Homologous organs: Such organs which may have different functions but similar structure and origin. Example- forearm of frog, lizard and bird.

Q7. Outline a project which aims to find the dominant coat colour in dogs.
Ans.

Q8. Explain the importance of fossils in deciding evolutionary relationship.
Ans.
(i) Study of fossils allows us to make estimates of how far back evolutionary relationship go between organisms.
(ii) Study of the age of fossils allows us to know which organisms evolved earlier and which later.

Q9. What evidence do we have for the origin of life from inanimate matter?
Ans. The evidence was given by Stanley L. Miller and Harold C. Urey in 1953. They assembled an atmosphere similar to that thought to exist on early earth over water. This was maintained by them at a temperature just below 100 degrees Celcius and sparks were passed through the mixture of gases to stimulus lightening. At the end of the week, they found that 15% of the carbon had been converted to simple compounds of carbon including amino acids which make up protein molecules.

Q10. Explain how sexual reproduction gives rise to more viable variations than asexual reproduction. How does this affect the evolution of those organisms that reproduce sexually?
Ans. Variations arise either because of errors in DNA copying or as a result of sexual reproduction. Due to sexual reproduction genetic variability increases in the population from one generation to another. This happens due to the fact that sexually reproducing organism inherits half the genes from each parent. These variations are very important for the process of evolution.

Q11. Only variations that confer an advantage to an individual organism will survive in a population. Do you agree with this statement? Why or why not?
Ans. No, depending on the nature of variations different individuals have been different kinds of advantages. However, when a drastic change occurs in the environment only those organisms in the population will survive which have an advantageous variation in that population to survive in the changed environment.

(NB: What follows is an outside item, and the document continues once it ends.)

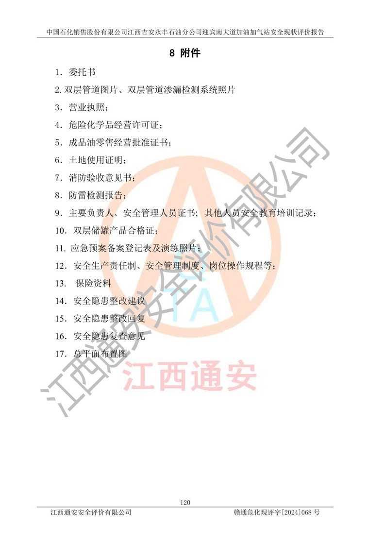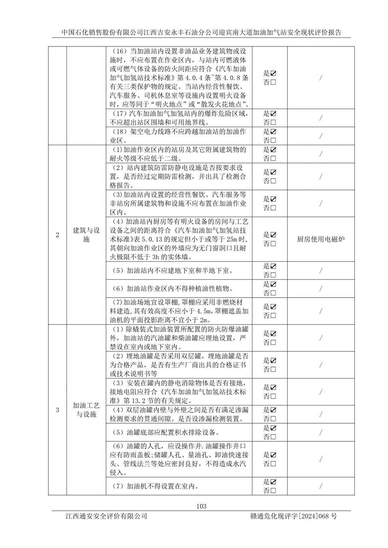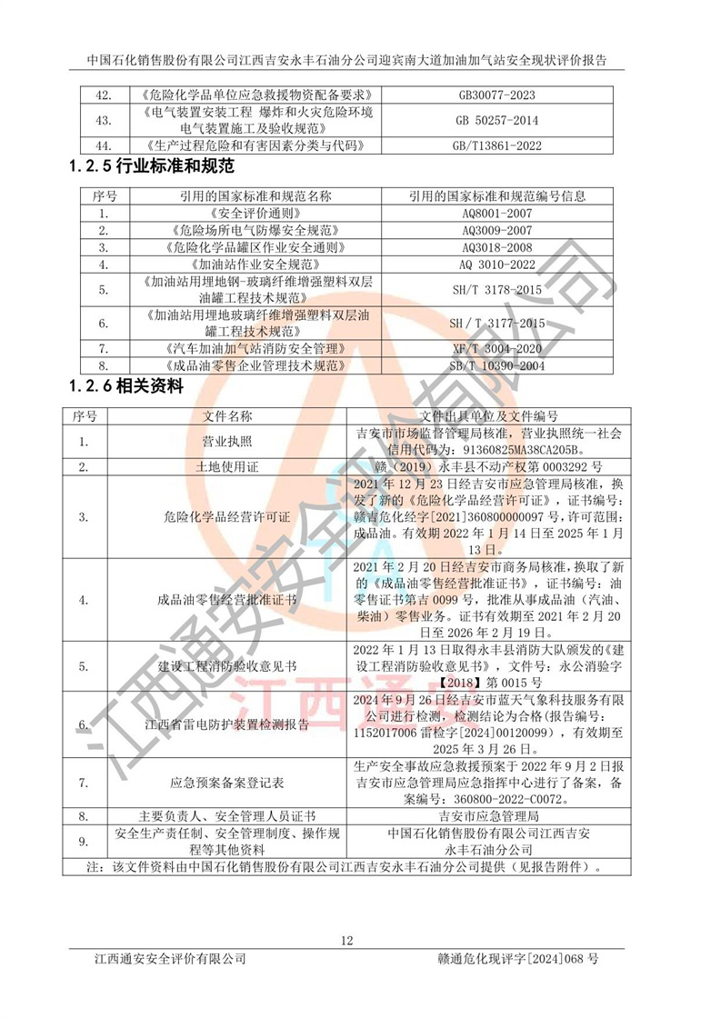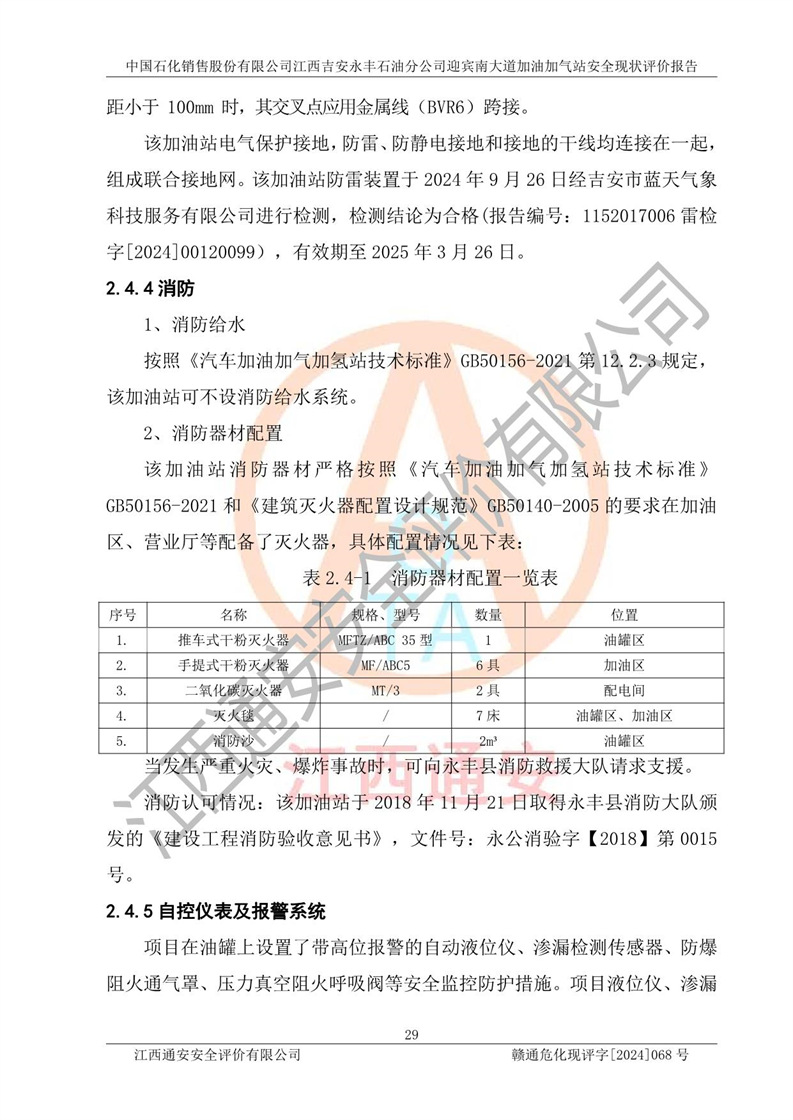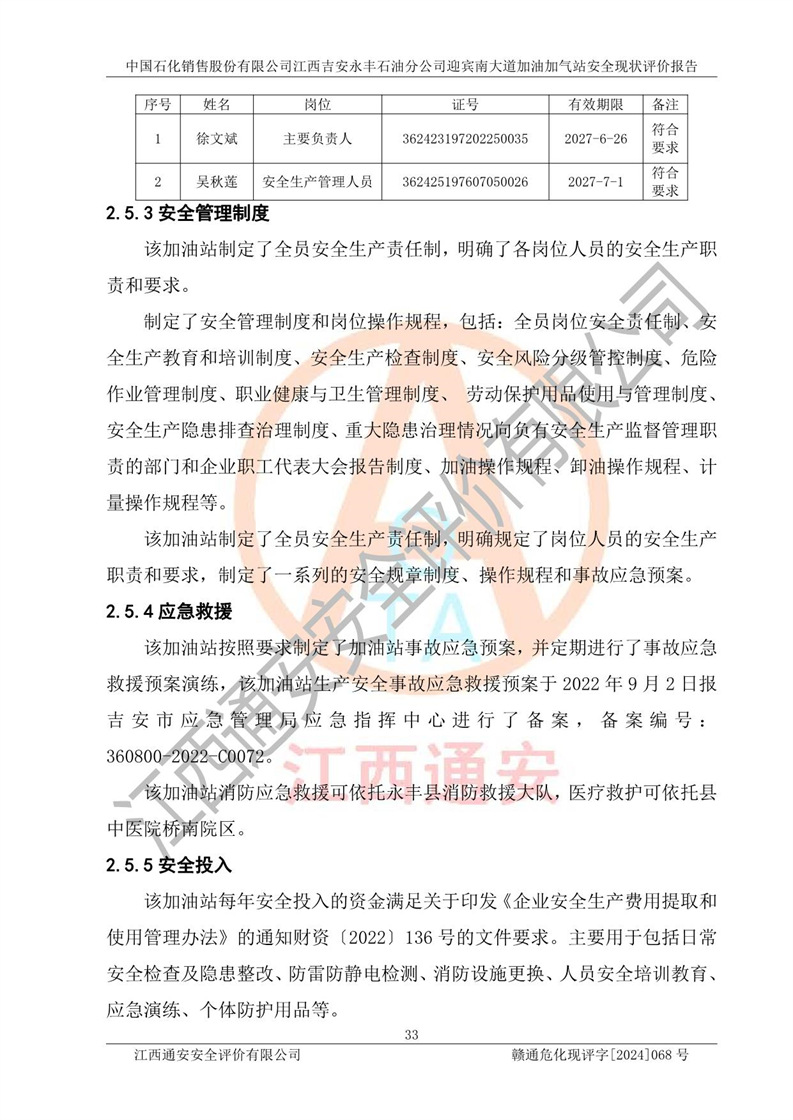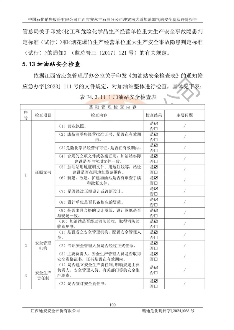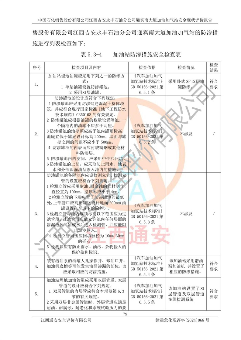 項目名稱 | 中國石化銷售股份有限公司江西吉安永豐石油分公司迎賓南大道加油加氣站 安全現(xiàn)狀評價報告 | ||||

Q12. How is the equal genetic contribution of male and female parents ensured in the progeny?
Ans. The equal contribution of male and female parents is ensured in progeny during sexual reproduction. Each trait of progeny is determined by a pair of alleles and gametes of male and female contain one allele. Each allele pairs during fertilisation combine together to determine traits. Thus, the traits of progeny are determined by equal genes from male and female.